Pablo Neruda, Carla Bogaards, Stefan George, Driek van Wissen, Peter Edel, Ludwig Rubiner, Max Jacob, Henry David Thoreau, Bruno Schulz, Hermann Conradi, Hans Koning, Gerben Willem Abma

De Chileense dichter Pablo Neruda (eig. Ricardo Eliecer Neftalí Reyes Basoalto) werd geboren in Parral op 12 juli 1904. Zie ook mijn blog van 12 juli 2007 en ook mijn blog van 12 juli 2008.

 

Testament (II)

 

Mijn oude boeken, verzameld

in uithoeken van de wereld, vereerd

in hun statige typografie, laat ik

na aan de nieuwe dichters van Amerika,

aan hen die op een dag

de betekenissen van morgen

zullen spinnen op het schorre, onderbroken weefgetouw.

 

Zij zullen geboren zijn wanneer de woeste vuist

van dode houthakkers en mijnwerkers

een ontelbaar leven zal gegeven hebben

om de verwrongen kathedraal te reinigen,

de dolle korrel, de vezel

die onze gretige vlakten strikte

Dat zij de hel raken, dit verleden

dat de diamanten verpletterde, en dat ze

de graanwereld verdedigen met hun lied,

geboren in de boom van het martelaarschap.

 

Over de beenderen van de stamhoofden, ver

van ons verraden erfgoed, in volle

lucht van volkeren die alleen hun weg gaan,

gaan zij het standbeeld bevolken

van een lang, zegevierend lijden.

 

Dat ze zoals ik mijn Manrique, mijn Góngora,

mijn Garcilaso, mijn Quevedo beminnen:

ze waren titanische wachters, wapentuigen

van platina en besneeuwde doorzichtigheid,

die me strengheid leerden, en dat ze in

mijn Lautréamont de oude klachten zoeken

tussen verderfelijke doodsstrijd.

Dat ze in Majakovski zien hoe de ster oprees

en hoe uit haar stralen aren ontstonden.

 

 

Vertaald door Bart Vonck

 

 

Uit: Honderd liefdessonnetten

 

VIII

 

Hadden de ogen niet de kleur van de maan,

niet die van de dag met klei, arbeid, vuur,

en hield je de lenigheid van de lucht niet vast,

was je niet een week van amber,

 

was je niet het gele moment,

waarop de herfst in de wilde wingerd klimt

en ook niet het brood dat de glanzende maan

kneedt, terwijl ze haar meel in de lucht strooit,

 

mijn liefste, ik zou niet van je houden!

Door jou te omhelzen, omhels ik het bestaan,

het zand, de tijd, de boom van de regen

 

en alles leeft om mij te laten leven:

zonder ver weg te gaan kan ik alles zien:

ik zie in jou leven al wat leeft.

 

Vertaald door Willy Spillebeen

 

 

Pablo_Neruda

Pablo Neruda (12 juli 1904 – 23 september 1973)

 

De Nederlandse dichteres en schrijfster Carla Bogaards werd geboren in Voorburg op 12 juli 1947. Zie ook mijn blog van 12 juli 2007 en ook mijn blog van 12 juli 2008.

 

Berlijn

‘Alles soll grün werden’

Keimzeit

 

Breng het ooilam naar de ram.

 

Is de stad Berlijn schuldig aan de breedte van zijn dooraderde wegen,

de hoogte van zijn gebouwen,

zijn homosexuele mannen die getrouwd en wel

in zwartleren broeken rondlopen

dodelijk verlegen onder de blikken van een buitenlandse vrouw,

herkend te worden, de gepolitoerde glans van het geïnfecteerde leer,

en de Pruisische paleisjes, de Oranjerie in Charlottenburg,

de fonteinen, mollige luchtspiegelingen, onze liefde.
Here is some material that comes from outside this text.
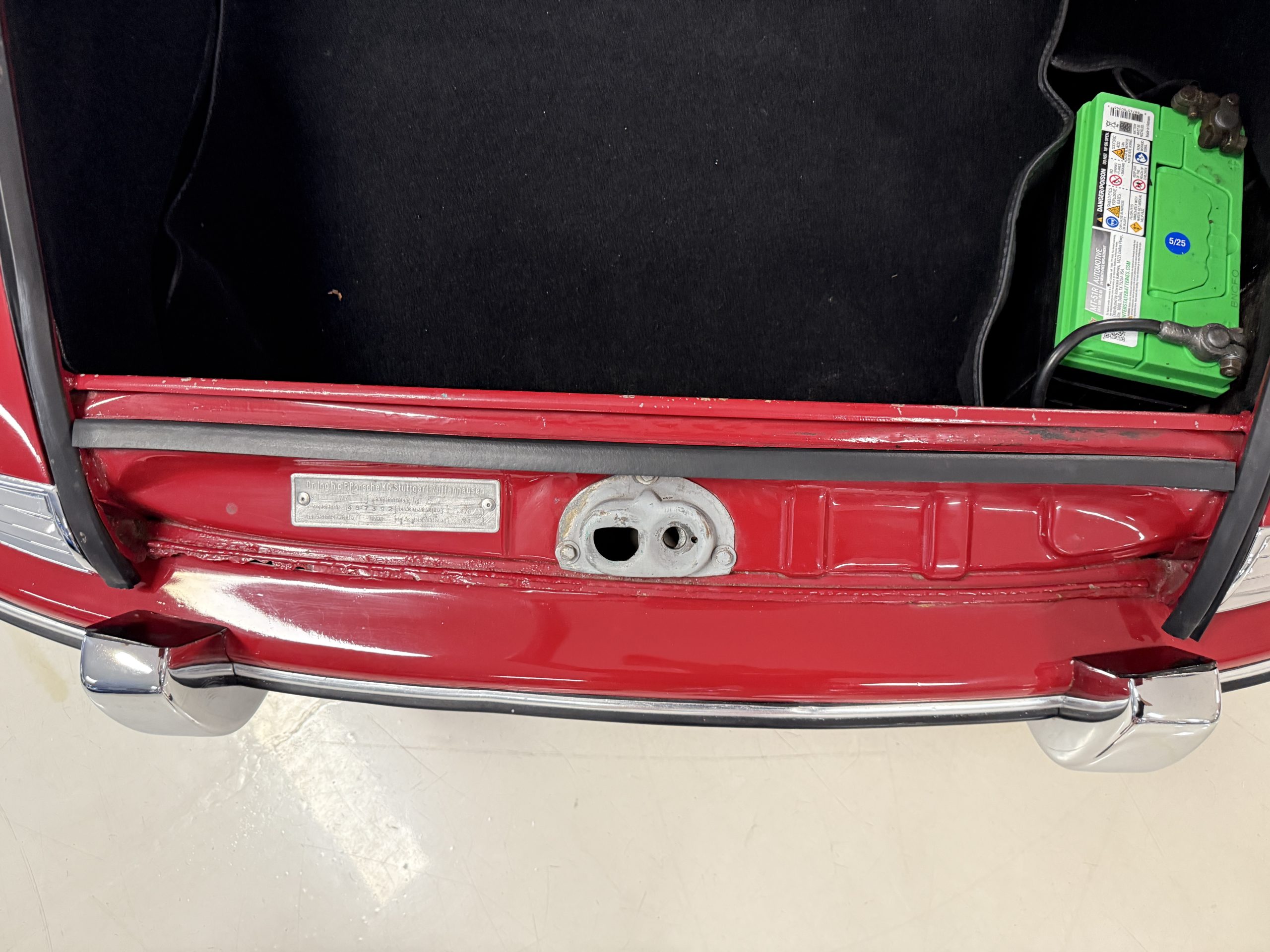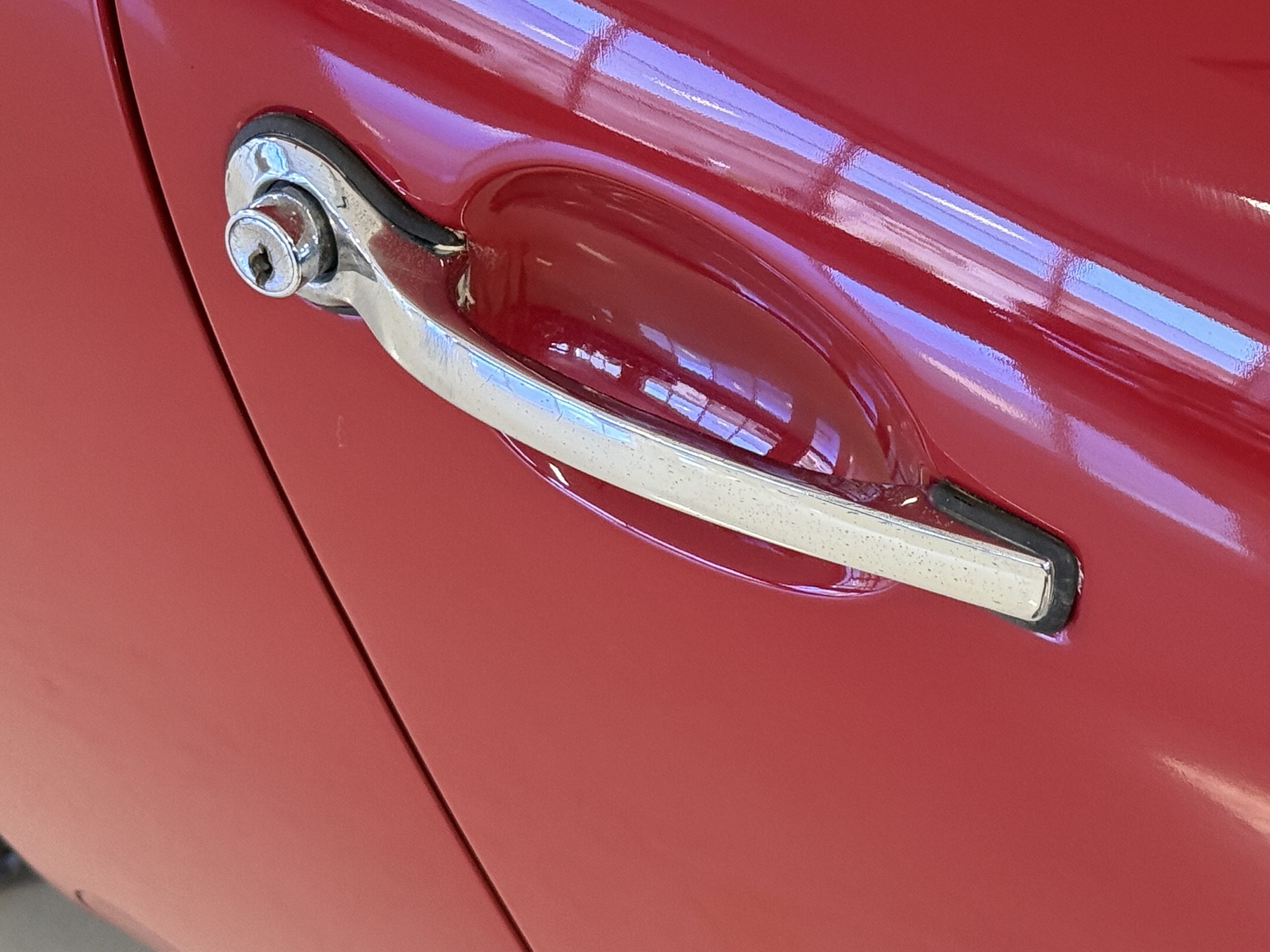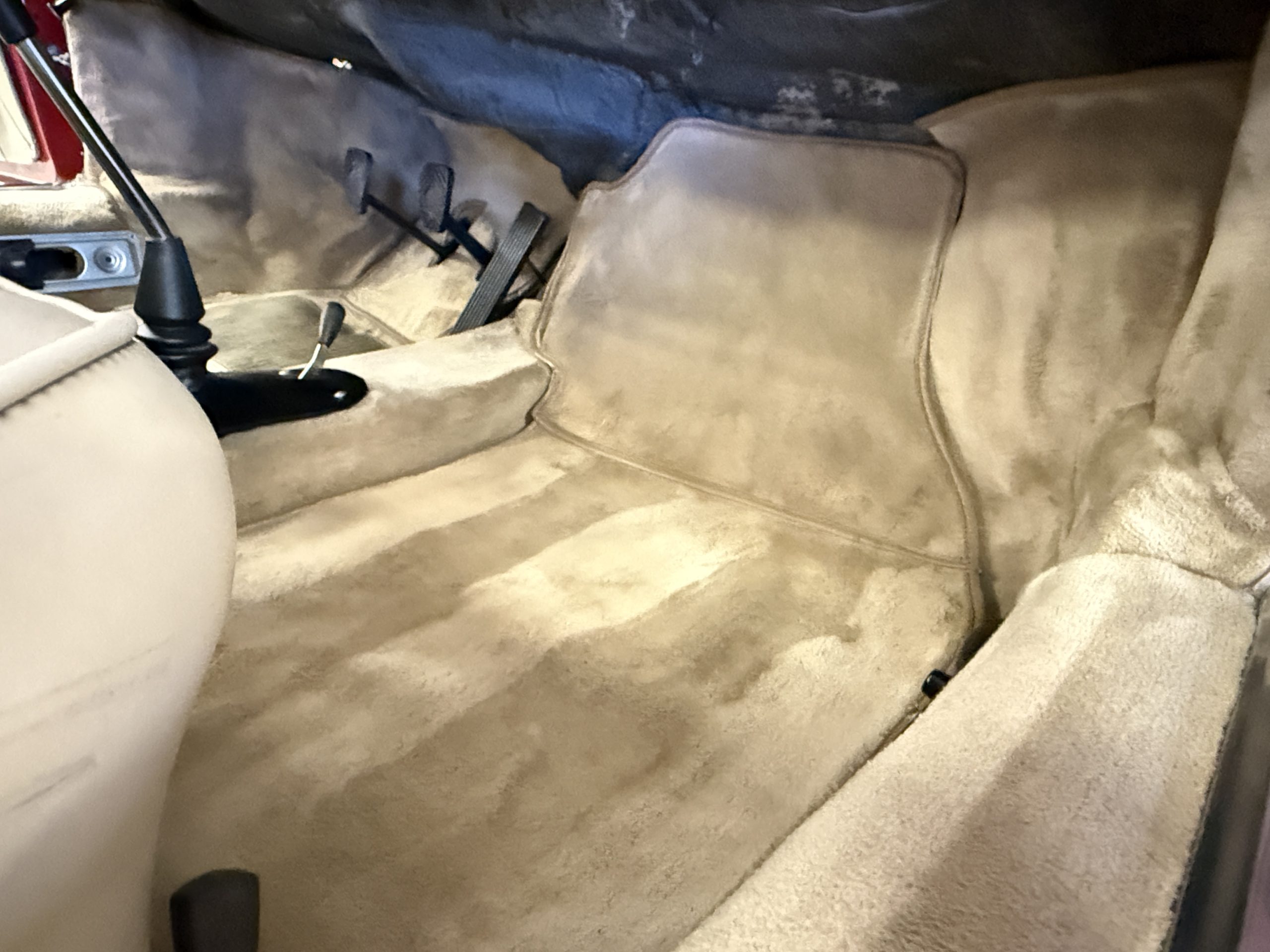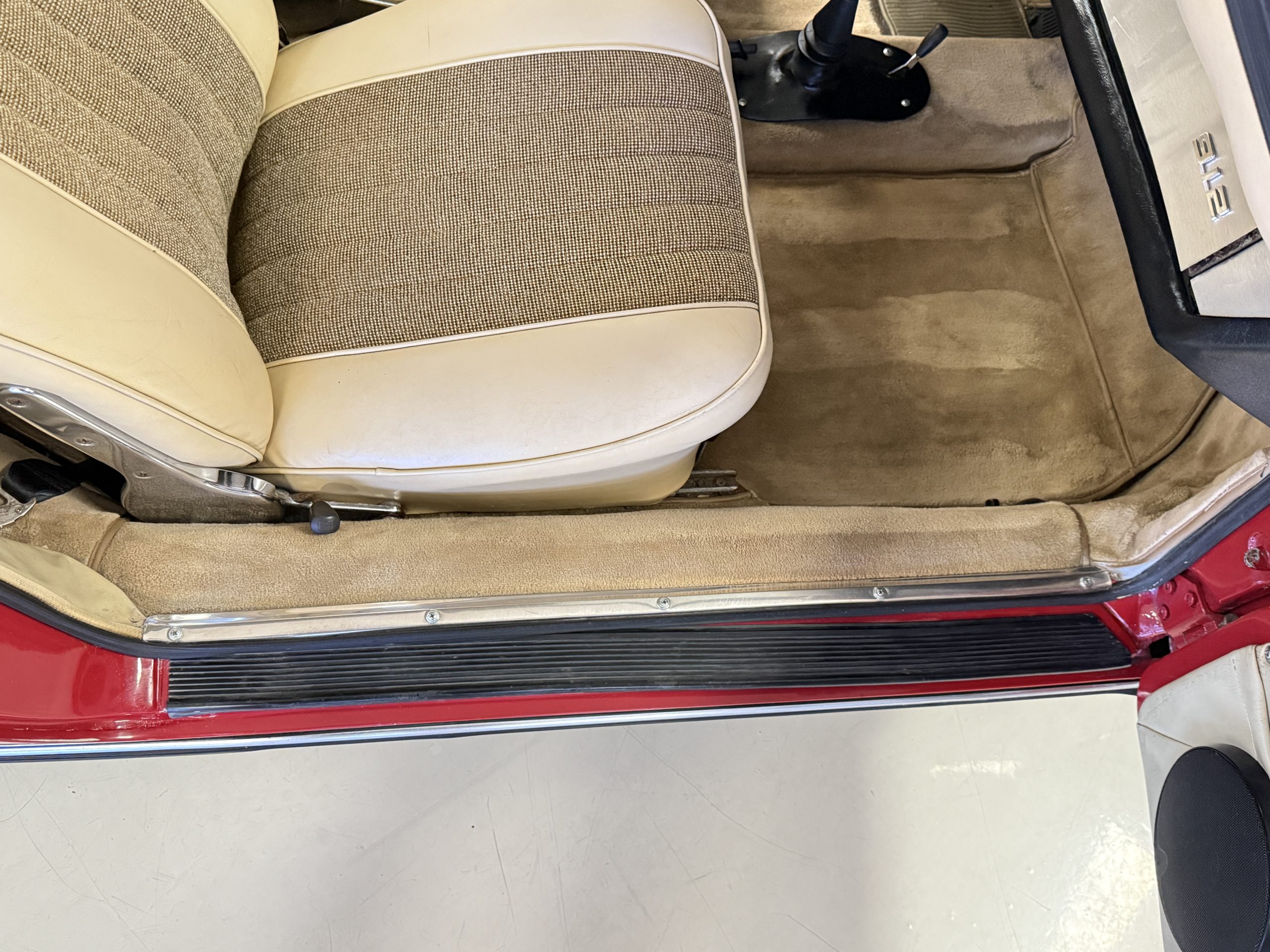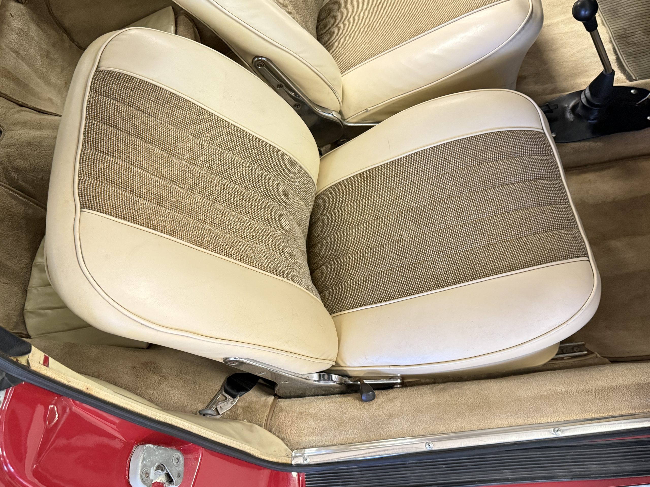Originally this was Sand Beige and was repainted in red under prior ownership. Exterior features include bright bumpers with guards, bright windshield wipers, a retractable antenna, and a single exhaust outlet. There are spots of rust and various paint blemishes around the body, close-up photos of which are provided in the gallery.

Is de stad Berlijn scvhuldig aan mijn angst

jou als mijn minnaar te verliezen,

de afdruk van zwart-rottend berkeblad op je oogleden te moeten verliezen.

Verzet de stad zich knarsetandend

tegen mijn aanklacht.

 

Vruchtbaar was de stad

toen je er woonde, wir uns wiedersahen,

na elke scheiding, nooit meer te loochenen,

ik werd binnengelaten door poortwachters,

wij elkaar ‘Liebchen’ noemden, huiverend lachend

in de gebombardeerde, opgebouwde stad van West.

 

Is de stad Berlijn schuldig aan zijn sentimentele rust,

o zo
kalm. De brandschone rust.

Eerst werden de ruiten ingeslagen bij het KDW

door jongeren, van links, van rechts, Duitsers,

en geparkeerde auto’s in brand gestoken, alles soll brennen,

links, rechts, Duitsers, het is geen lolletje

Berliner zu sein, de rust is weergekeerd.

 

Ongedeerd, ongeboren waren wij in 1940,

spelen we leeuwtje in de roestbruine stadsparkjes,

eigenmachtig eis ik je lichaam op,

graaien mijn handen in de mist die over Berlijn hangt,

zoek ik je, je woonde toch in Berlijn,

ik reisde toch naar je toe? Zeg stad, zeg ook eens wat,

laten we krijgsraad houden stad!

 

Ik wil mijn vloot wel sturen, maar er is geen haven.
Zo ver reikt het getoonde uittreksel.